EVMS investigators employed an in-house program to assign samples in a randomized matrix pattern to prevent bias between replicates, or clinical status, and chip spot position. All samples were processed in triplicate and the arrayed chips were read in a 48-h period. The matrix codes were assigned by an individual separate from the team that processed the samples so that each phase of the study was blinded with respect to the operator. The code was broken during the classification stage.

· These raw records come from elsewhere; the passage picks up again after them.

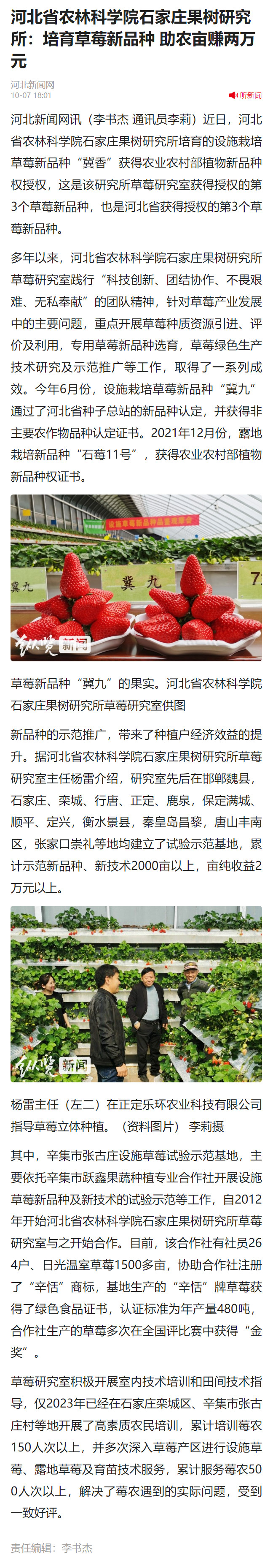 草莓研究作為我所發展較快的優勢學科,著力做好科技創新、科技服務等方面工作,熱誠服務于廣大草莓生產者。近日,河北日報網(縱覽新聞)對草莓研究團隊進行了宣傳報道。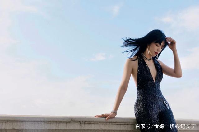 姚晨这一身黑色深V真空连体衣,出自Azzaro家的秋冬高定,闪闪发光,再加上大银链子,穿上就是最靓的仔(女人)。
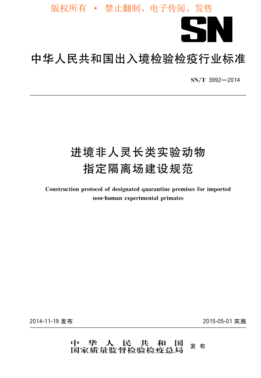 SN-T 3992-2014 进境非人灵长类实验动物指定隔离场建设规范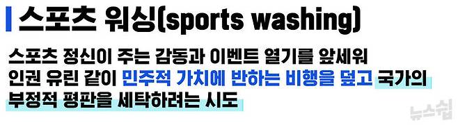 카타르만이 아니었다. 스포츠 정신과 게임 열기를 지렛대 삼아 "우리는 그렇게 나쁜 나라가 아니"라며 부정적 평판을 세탁하려는 시도는 스포츠사(史) '흔히' 있던 사례였다. 이번처럼 탄압의 증거를 은폐시키기 위해 또 다른 탄압이 자행된 경우도 있었다. 이른바, '스포츠 워싱'(sports washing)이다.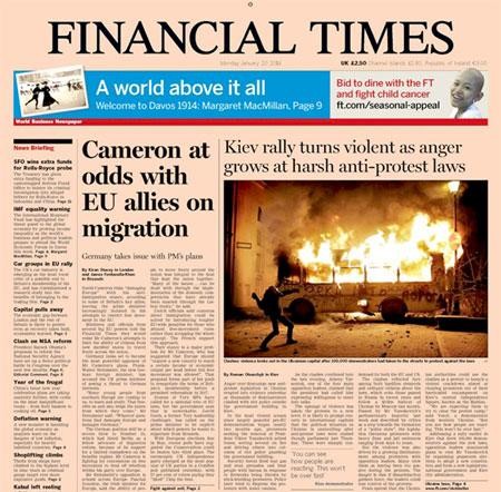 Впливове британське видання Financial Times надрукувало свіжий номер за 20 січня, де на першій шпальті опинилася стаття про сутички у Києві.

Before analysis, the data were divided into two sets. The training set consisted of 145 different patients, of which 78 were classified during the clinical portion as "normal," and 67 with various stages of ATL. After removing spectra from the triplicate processing that had poor signal-to-noise due to instrument problems, we were left with 417 cases for the study. This constituted approximately two-thirds of the data taken; the remaining one-third (with all corresponding replicates) was withheld for validation until a final classifier was created. The data are available at ProteomeCommons.org, under the title "Leukemia'04 TOF spectra parsed into Rdata files."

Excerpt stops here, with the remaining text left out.